4’üncüsü; 27 Mayıs 1960 Askerî Darbesi’nin lideri General Cemal Gürsel.. O da, Prof. Ali Fuâd Başgil generallerin ağır baskısıyla Meclis üyeliğinden istifa ettirilerek seçtirilmişti.
5’ncisi; -Cemal Gürsel’in 7 ay süren koma hali üzerine- Mart-1966’da Genelkurmay Başkanlığın’ndan getirilip seçtirilen General Cevdet Sunay..
6’ncısı; Mart-1973’de Genelkurmay Başkanı General Faruk Gürler’in cumhurbaşkanlığına adaylığına ve üzerinden savaş uçakları uçurulmasına rağmen Meclis’in, M. Kemal’in emir subaylığını yapmaktan başka hiç bir özelliği olmayan eski Deniz K. Komutanlarından Amiral Fahri Korutürk’ü seçmesi..
7’nci Cumhurbaşkanlığı’na da 12 Eylûl 1980 Askerî Darbesi’nin lideri General Kenan Evren kendisini seçtirmişti; 9 yıl..
8. Cumhurbaşkanlığı’na 1989’da ANAP’ın Meclis’deki ekseriyetiyle seçilen Turgut Özal, 1993’de vefat edince, Süleyman Demirel, CHP (SHP) desteğiyle 9. Cumhurbaşkanı seçilmişti.

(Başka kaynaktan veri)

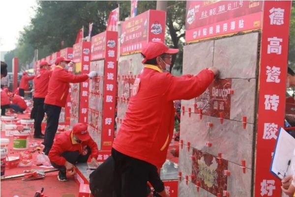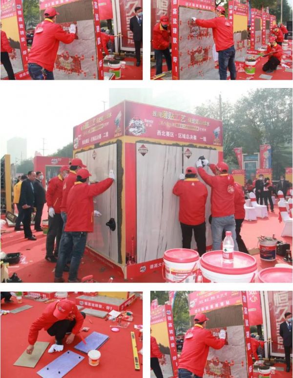此次比赛统一采用新型瓷砖镶贴材料——瓷砖胶和与其工艺要求相匹配的齿型刮板,要求参赛者在规定时间内完成贴砖,并通过评审施工操作、瓷砖切割、切割尺寸、施工厚度、缝宽差值、表面平整、灰浆比例、整体效用等标准,选出优胜师傅代表西北战队前往上海参加全国总决赛。

2000 yılında da, Anayasa Mahkemesi Başkanlığı’ndan getirilip, ‘Sadece devlet değil, kişiler de laik olmak zorundadır!.’ diyebilen bir diğerinin, ANS’nin 10. C. Başkanı seçtirilmesi..
***
Ve 2007’de, ‘Çankaya’ya çıkacak olan, hanımının başını açacak..’ diye açık dayatma ve muhtıralara ve de generaller cuntasının ordu gücüyle yaptırdığı dev mitingler ve sair engellemelere rağmen.. Tayyib Erdoğan’ın Abdullah Gül’ü aday göstermesi ve 11. Cumhurbaşkanı olarak seçtirmesi..
Ve nihayet, 12. Cumhurbaşkanı olarak da Tayyib Erdoğan’ın, ilk kez olarak halk tarafından seçilişi..
***
Erdoğan,bugün zâten mevcud anayasanın geniiiş yetkilerini kullanıyor. Ama, kendisi için değil, kendisinden sonrasında ülkenin bugünkü hükûmet sistemiyle yönetiminin zorluğunu görüyor. İstiyor ki, bu oligarşik vesayet entrikası artık son bulsun.. Nitekim, darbecilerin süngüucuyla kabul ettirdiği 1982 Anayasası bile, değiştirilmesini bütün partiler istedikleri halde, Meclis 35 senedir yeni bir anayasa yapamıyor.
O halde, halk ülke idaresine ve kendi iradesine sahib çıksın; sorumsuz ve sorgulanamaz Cumhurbaşkanlığı dönemi bitsin!
Devlet insan için vardır, insan devlet için değil!.